After 29 years of marriage, Connie Pullen filed a petition for dissolution of marriage. In that petition, Ms. Pullen requested an award of spousal maintenance. During the divorce proceedings, her husband, Arthur Pullen, III, voluntarily ended his employment at FedEx and moved to Washington where he obtained a lower paying job. The trial court granted Ms. Pullen an award of spousal maintenance and used Mr. Pullen’s previous income to calculate the award. Mr. Pullen subsequently filed a motion for a new trial, which the court denied. He appealed, arguing that the trial court applied an incorrect legal standard for attributing income to him for purposes of determining spousal maintenance, and that there was insufficient evidence to hold that he voluntarily reduced his earning capacity.
The Arizona Court of Appeals held that the trial court considered the appropriate factors for attributing to Mr.

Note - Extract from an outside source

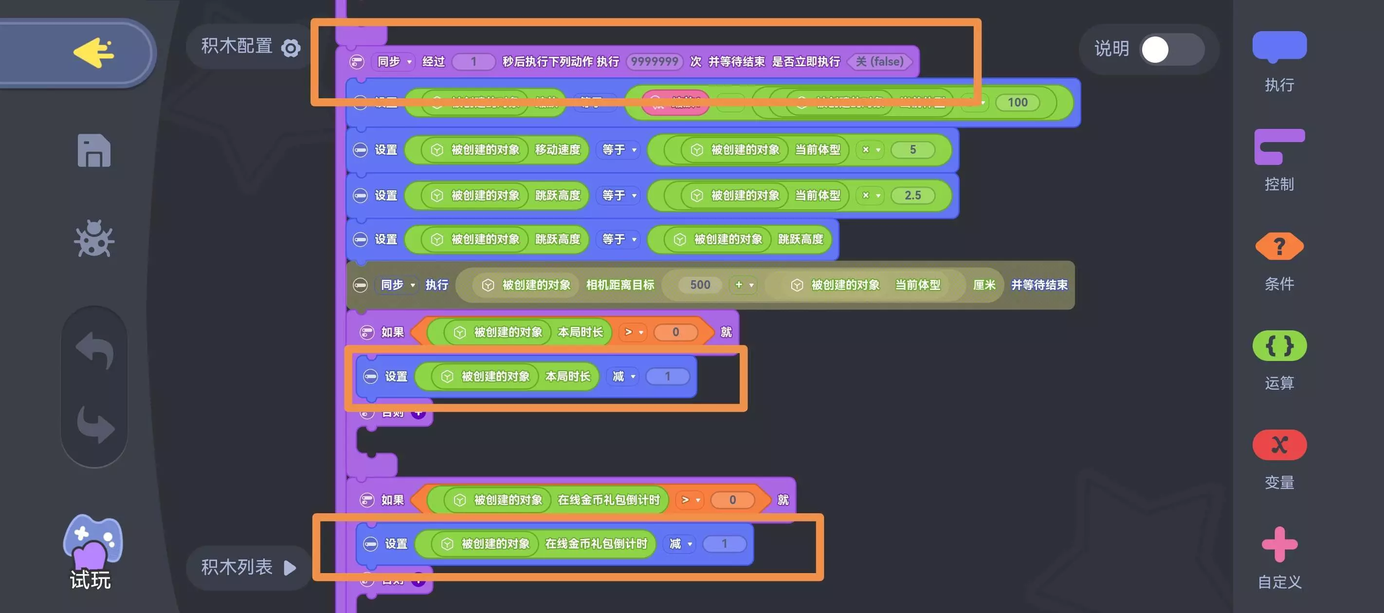 3. 我们在这个积木脚本中,新建一个循环,设置每秒执行一次将我们之前新建的玩家数据-1,这样就能实现倒计时的效果了~

Pullen his prior income in determining spousal maintenance and that there was evidence supporting that holding. Arizona courts have adopted an intermediate balancing test to determine whether to use actual income or earning capacity to calculate child support when a parent voluntarily reduces his or her income. Although that balancing test has never been applied to attribute income for spousal maintenance purposes, the Court determined that the rationale behind the test clearly applies in the spousal maintenance context. Therefore, according to the Court, “courts should balance [the following] five factors in determining whether to use actual income or earning capacity to calculate spousal maintenance when voluntary reduction of income issues are raised”: (1) the reasons asserted by the party whose conduct is at issue; (2) the impact upon the oblige of considering the actual earnings of the obligor; (3) when the obligee’s conduct is at issue, the impact upon the obligor of considering the actual earnings of the oblige and thereby reducing the obligor’s financial contribution to the support order at issue; (4) whether the party complaining of a voluntary reduction in income acquiesced in the conduct of the other party; and (5) the timing of the action in question in relation to the entering of a decree or the execution of a written agreement between the parties. In this case, although the trial court did not expressly balance these factors, the Court of Appeals found that the record supported its decision under that analysis.
Judge Kessler authored the opinion; Judges Hall and Orozco concurred.